Ces échanges sont gérés par blockchain : le programme enregistre la création d’énergie qu’il traduit en « crédits d’énergie ». Des « smart contracts » régissent ensuite les règles d’utilisation de cette énergie, acquittée par la monnaie virtuelle Ether.

Il est ainsi possible de choisir une production spécifique (solaire, par exemple), à un moment donné.
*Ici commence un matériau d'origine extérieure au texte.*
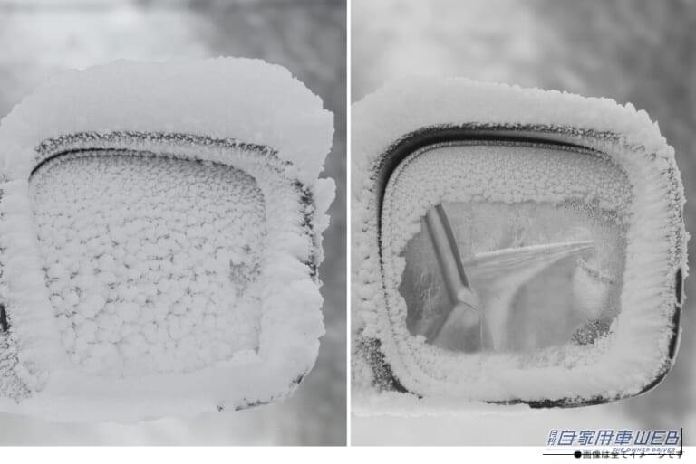 先にも明記したとおり、ゼロワイパーフィルムタイプ サイドミラー用は、フィルムをサイドミラーに貼るだけで作業が完了。水滴がつきにくくなるのはもちろんだが、雪も積もりにくくなるので、冬季の走行でも活躍してくれる。
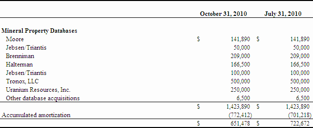 Costs related to internally developed databases are expensed as incurred. Costs of acquired mineral property databases are capitalized upon acquisition. Mineral property data bases are tested for impairment whenever events or changes indicate the carrying value amount may not be recoverable. An impairment loss is recognized if it is determined that the carrying amount is not recoverable and exceeds fair value. Mineral property databases are amortized over five years using the straight-line method, which is the period over which management believes the asset will contribute to the Company's cash flows.
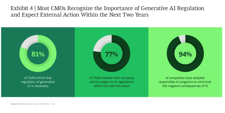 Most CMOs in our survey see AI regulations as inevitable, and the vast majority have undertaken some form of self-regulation. (See Exhibit 4.)
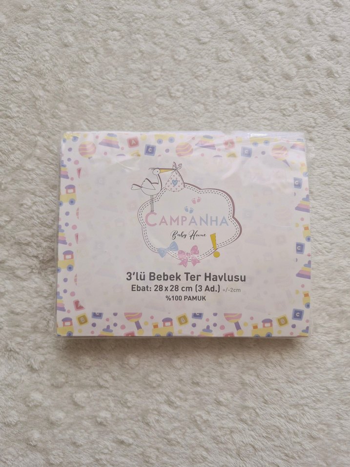 Campanha 3'lü Pamuk Bebek Ter Havlusu 28x28 cm
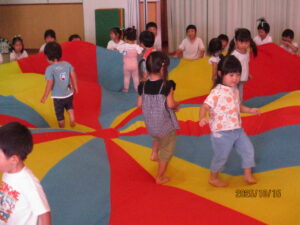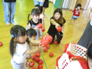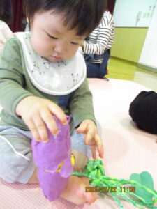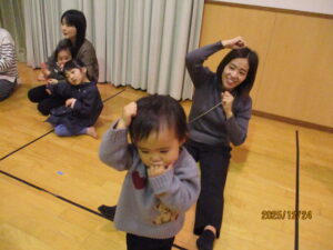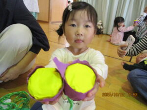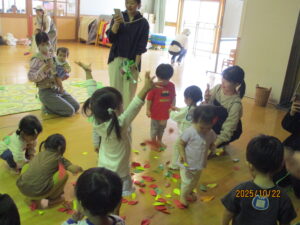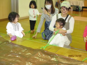 2026-01-08 子育て支援秋冬 ☆子育てイベント秋冬☆ 食欲の秋!運動の秋!ワクワク嬉しいクリスマス☆ 季節感を味わいながら、親子で楽しく過ごしました。 ~運動会ごっこ~ バルーン、玉入れ、かけっこに挑戦!! ~芋ほり遊び~ 芋ほり、落ち葉遊び、焼き芋…仲良く半分こに♡ ~ハロウィーン遊び~ 可愛いプチ仮装でニコニコです♡ ~クリスマス会&誕生会~ 在園児の合奏や劇を見たり、リトミックや楽器遊びを楽しみました☆
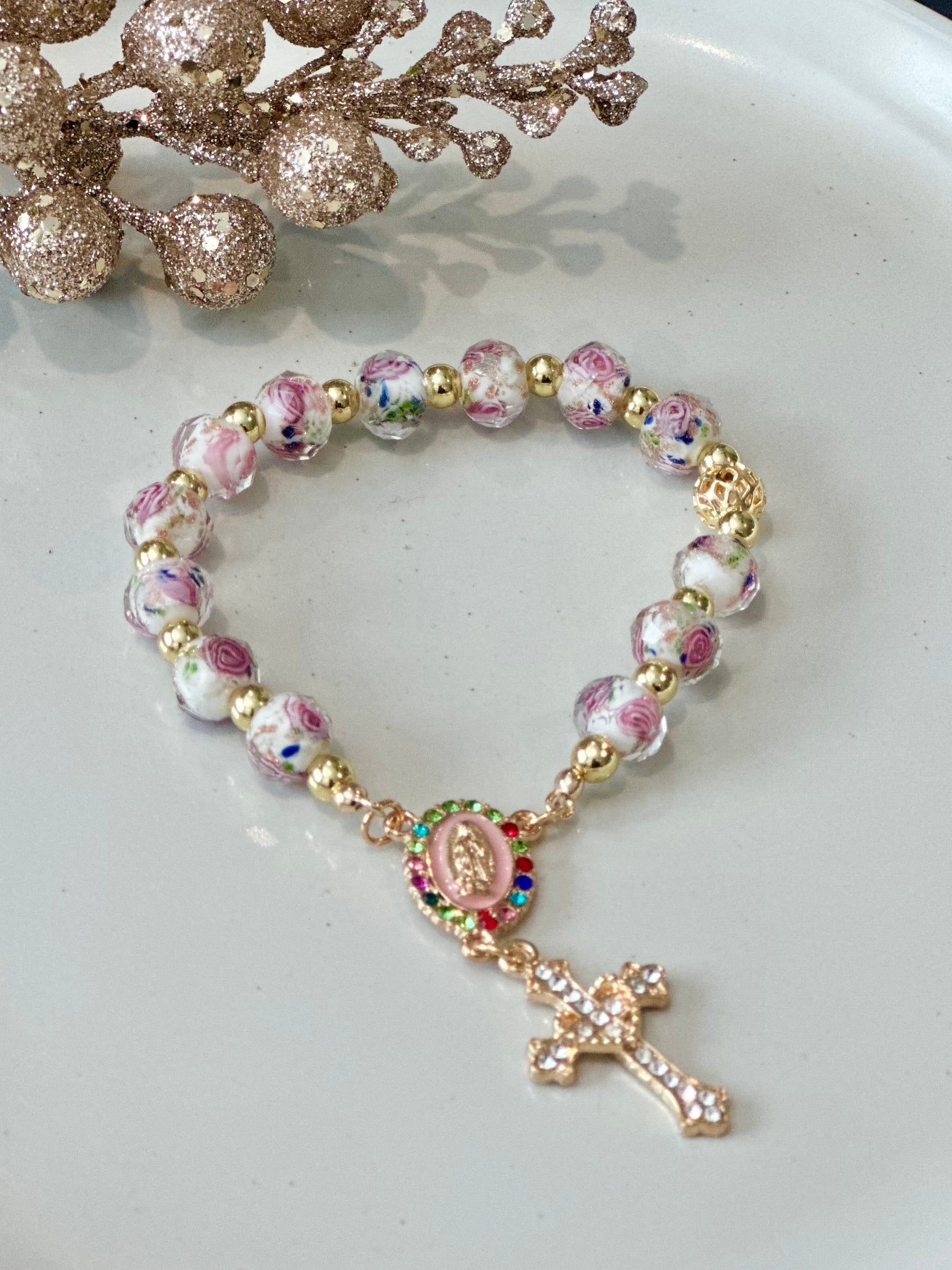 Rosary Bracelet made with crystal Rose Design beads, Gold toned charm and crucifix, and 18k Gold Plated wire and center beads.
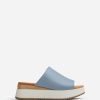 Sandalia de tacón cuña con amplio empeine de piel en el empeine. Tacón de cuña de 6 cm y plataforma muy ligera de 3,5 cm. suela de goma ligera y flexible.
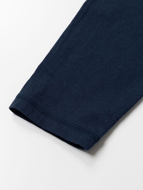 素材には、40/2の甘撚コンパクトヤーンを使用した天竺生地を採用。毛羽立ちを抑えながらも、甘撚りならではのやわらかさとふくらみ感を兼ね備えています。なめらかな肌触りと自然な光沢感が特徴で、カジュアルながらも品のある表情に仕上げました。
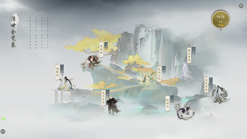 在浮世全览卷中可以找到【鸿雁行】【百景游】【闲涉丹青】【集纳万物】【踏云寻芳】【趣闻志】【众生百态】的解锁进程,也可以从以上玩法中获得雅探点,解锁探索等级并领取对应奖励
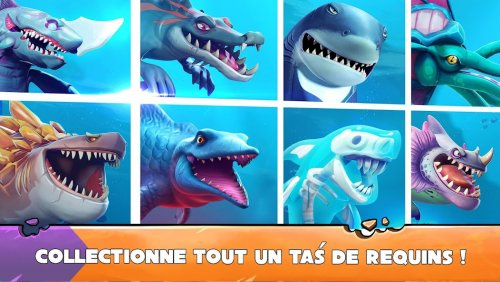 Le jeu propose plus de 20 requins uniques, chacun avec ses capacités spéciales. Vous pourrez améliorer leurs caractéristiques, notamment la vitesse, la morsure et l'accélération.

Dans ce microgrid, l’innovation porte  sur la création d’un cadre de confiance qui permet au consommateur de choisir son énergie (type, localisation) en fonction de ses propres critères sans avoir recours à un intermédiaire qui fait ce choix à sa place.

En France, deux projets similaires à TransActive Grid sont en cours d’émergence :

Bouygues Immobilier en partenariat avec Microsoft, Energisme et Stratum, prévoit de bâtir un démonstrateur dans le quartier de Lyon Confluence en commençant par équiper un immeuble en 2017. Le projet a pour objectif de valider le fait que la technologie blockchain facilite et sécurise l’ensemble des transactions de crédits énergétiques au sein d’un réseau en pair à pair sans intermédiaire. Si le pilote se révèle concluant, Bouygues Immobilier envisage de généraliser ce projet à d’autres écoquartiers en France.

DAISEE, co-produit par la MYNE (laboratoire citoyen) et Cellabz (accélérateur d’écosystème technologique) est un projet expérimental lancé au printemps 2016 ayant les mêmes objectifs qu’à Brooklyn et à Lyon.

Ces projets restent peu nombreux dans le monde et à des stades d’expérimentations. En France, la nouvelle loi sur l’autoconsommation collective est une bonne base réglementaire pour accélérer ces initiatives. C’est tout un nouveau système local de consommation d’énergie qui pourrait ainsi émerger –avec de la production solaire et des stations de recharge de véhicules électriques à la maille d’un quartier – et qui pousse les grands groupes à réfléchir à de nouveaux modèles.

De façon générale, l’énergie est un terrain propice au déploiement de la blockchain mais son application généralisée demandera probablement encore un certain temps au vu des transformations nécessaires dans les façons de produire, de consommer et de distribuer l’électricité. Des nouvelles solutions devront également être trouvées en cas de succès de l’autoconsommation, pour continuer à équilibrer le réseau, à garantir la continuité d’alimentation de tous et à s’assurer d’un financement d’un système qui repose aujourd’hui sur des principes de centralisation nationale et de mutualisation (péréquation tarifaire, tarification timbre poste, etc…).